TASK DIRECTIONS:
Transcribe only what runs from the line containing "Quo Vadis 2026" through the end of the listing, line for line and exactly, and omit the pictures.

##############################

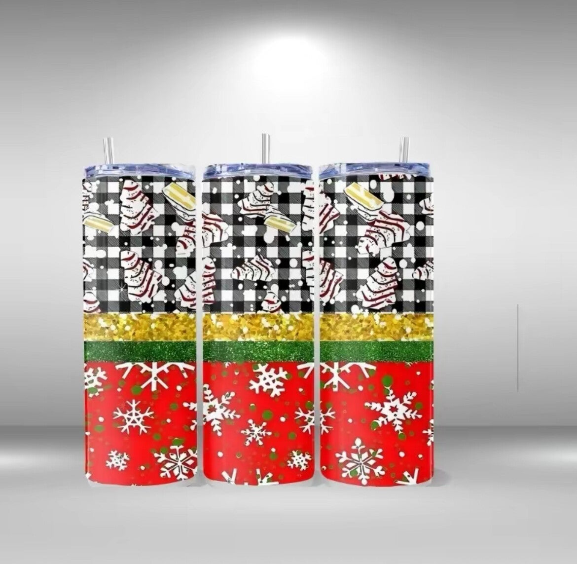 This tumbler features a multi-layered design. The top section of each tumbler showcases a black and white checkered pattern, with small red and white designs resembling Christmas tree ornaments or other festive decorations scattered on top.
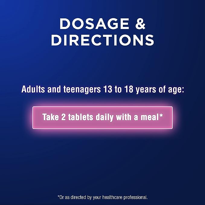 Teenagers 13-18 years: Take 2 tablets daily with a meal.
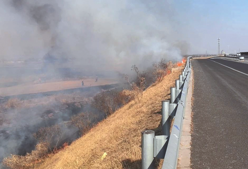 晚报讯 2月10日,市交通运输综合执法支队执法人员巡查至滨城北收费站时,发现路边护栏外浓烟弥漫,严重影响通行视线。
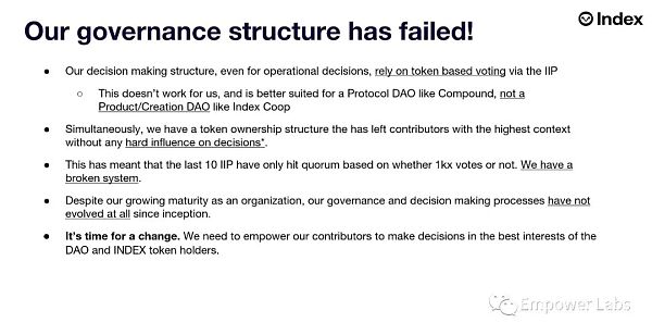 这个跟BanklessDAO没关系,而是发生在一个叫indexcoop的DAO里。这是一个通过社区力量去推动一个产品的DAO,但读者不需要知道和理解indexcoop的产品,。大约几周前,他们发布了一个关于未来规划的PPT,里面触目惊心的写道“我们的治理结构已经失败了”
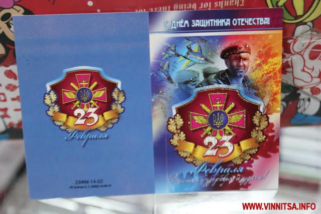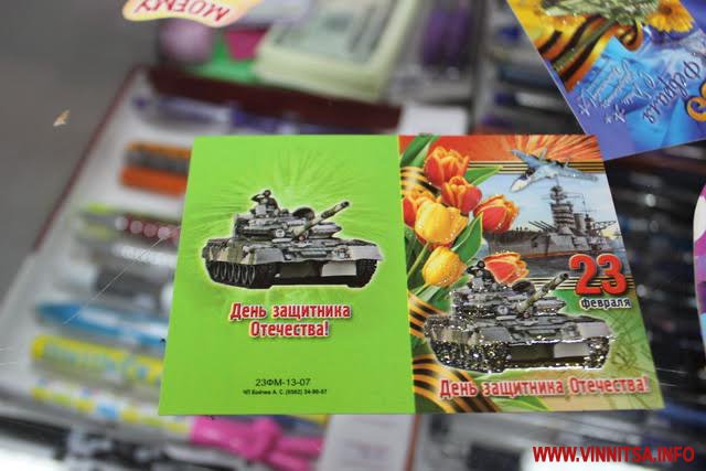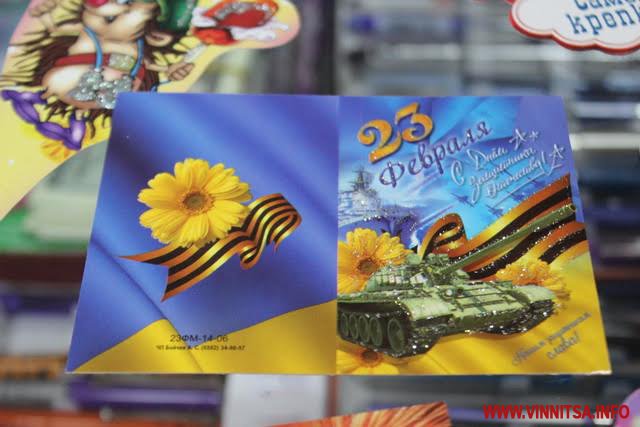 23 лютого у Вінниці на розкладках та магазинах канцтоварів продають вітальні листівки з привітанням до «Дня за щитника отечества».
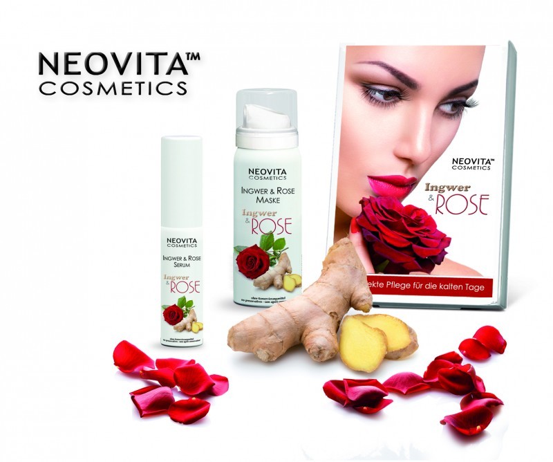 Neovita Ingver & Rose Set, poseben program razvajanja za profesionalno kot tudi domačo nego kože. Serum in Maska sta posebno usklajena in se dopolnjujeta ter ščitita kožo pred hladnimi vremenskimi vplivi. Dobro uravnotežena kombinacija moči ingverja ter dragocenega ekstrakta vrtnic, aktivira kožno odpornost in nežno stimulira mehanizme za popravilo kože. Zagotavlja celicam celično energijo ter na koži pusti absoluten občutek dobrega počutja. Dragoceni skvalen, karitejevo maslo in jojoba olje nudijo koži pomirjujoč učinek, uravnotežijo izgubo vlage ter skrbijo za zaščito pred izpostavljenostjo kože zimskim vplivom.
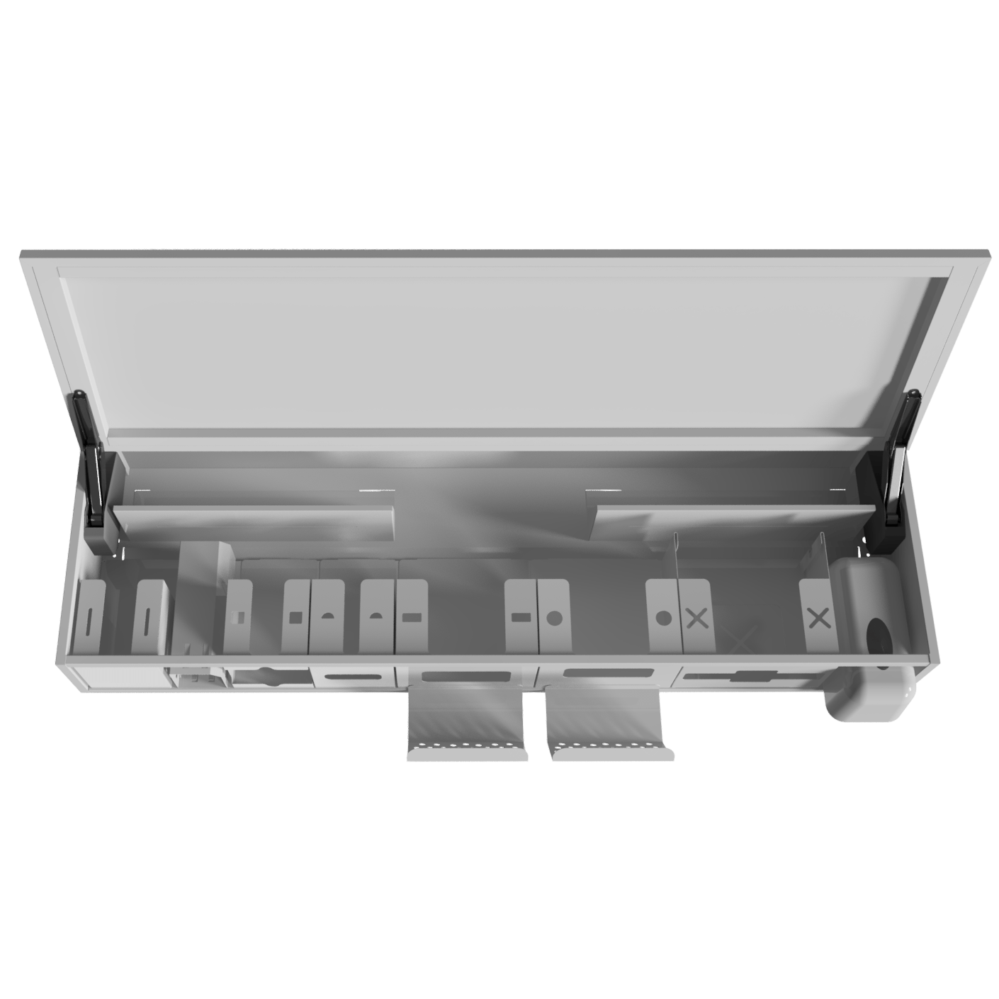 Оснащён восемью съёмными модулями, которые можно заменить, убрать или переставить по вашему усмотрению. Содержимое каждого модуля можно извлечь без открывания дверцы.
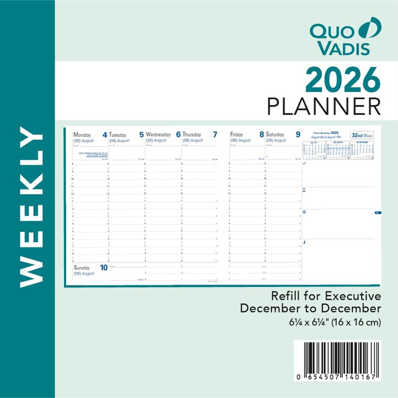 Quo Vadis 2026 Refill for Executive - Weekly Planner - 13 Months, Dec. to Dec. - 6 1/4 x 6 1/4" - Time Management Appointment Organizer
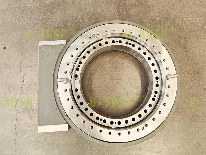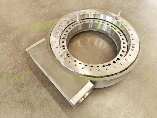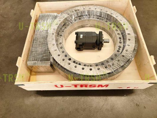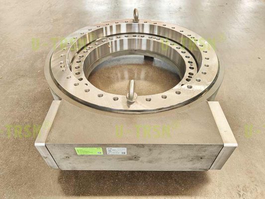 不二傳動(dòng)設(shè)備(洛陽(yáng))有限公司給客戶(hù)設(shè)計(jì)了一款大模數(shù),大扭矩,豎直安裝使用的蝸輪蝸桿式回轉(zhuǎn)驅(qū)動(dòng)。該回轉(zhuǎn)驅(qū)動(dòng)用在大型自動(dòng)化設(shè)備上,豎直安裝使用,載荷較大,并伴隨很大的傾覆力矩,回程旋轉(zhuǎn)時(shí)要求穩(wěn)定平順。經(jīng)過(guò)與客戶(hù)的多次溝通,不二傳動(dòng)的設(shè)計(jì)師根據(jù)客戶(hù)工況,推薦使用蝸輪蝸桿式回轉(zhuǎn)驅(qū)動(dòng),并使用大模數(shù)來(lái)增加回轉(zhuǎn)驅(qū)動(dòng)的扭矩,根據(jù)齒承載及力學(xué)性能分析,輸出扭矩可達(dá)近200KNm。
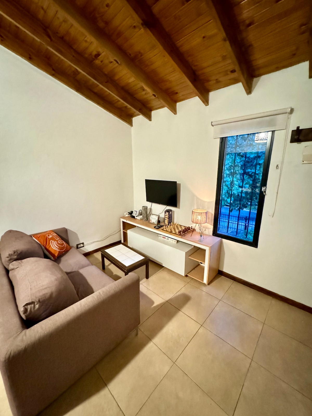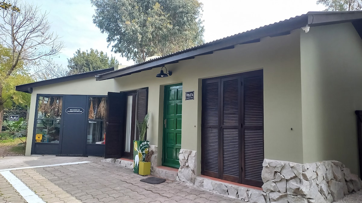 Moderno dúplex en complejo privado, ubicado en Chacras de Coria, uno de los barrios más tradicionales de Mendoza. ideal para pasear y disfrutar de la paz del lugar. Cuenta con dos habitaciones y está completamente equipado, wifi, Smart TV, parrilla, jardín y una pequeña pileta, ideal para refrescarse en verano. Cochera cubierta para 1 solo vehículo, si tienes 2, el segundo debe estacionarse en la calle fuera del complejo. Opción desayuno a costo extra.

##############################

RESPONSE TO THE TASK:
 Quo Vadis 2026 Refill for Executive - Weekly Planner - 13 Months, Dec. to Dec. - 6 1/4 x 6 1/4" - Time Management Appointment Organizer
 不二傳動(dòng)設(shè)備(洛陽(yáng))有限公司給客戶(hù)設(shè)計(jì)了一款大模數(shù),大扭矩,豎直安裝使用的蝸輪蝸桿式回轉(zhuǎn)驅(qū)動(dòng)。該回轉(zhuǎn)驅(qū)動(dòng)用在大型自動(dòng)化設(shè)備上,豎直安裝使用,載荷較大,并伴隨很大的傾覆力矩,回程旋轉(zhuǎn)時(shí)要求穩(wěn)定平順。經(jīng)過(guò)與客戶(hù)的多次溝通,不二傳動(dòng)的設(shè)計(jì)師根據(jù)客戶(hù)工況,推薦使用蝸輪蝸桿式回轉(zhuǎn)驅(qū)動(dòng),并使用大模數(shù)來(lái)增加回轉(zhuǎn)驅(qū)動(dòng)的扭矩,根據(jù)齒承載及力學(xué)性能分析,輸出扭矩可達(dá)近200KNm。
 Moderno dúplex en complejo privado, ubicado en Chacras de Coria, uno de los barrios más tradicionales de Mendoza. ideal para pasear y disfrutar de la paz del lugar. Cuenta con dos habitaciones y está completamente equipado, wifi, Smart TV, parrilla, jardín y una pequeña pileta, ideal para refrescarse en verano. Cochera cubierta para 1 solo vehículo, si tienes 2, el segundo debe estacionarse en la calle fuera del complejo. Opción desayuno a costo extra.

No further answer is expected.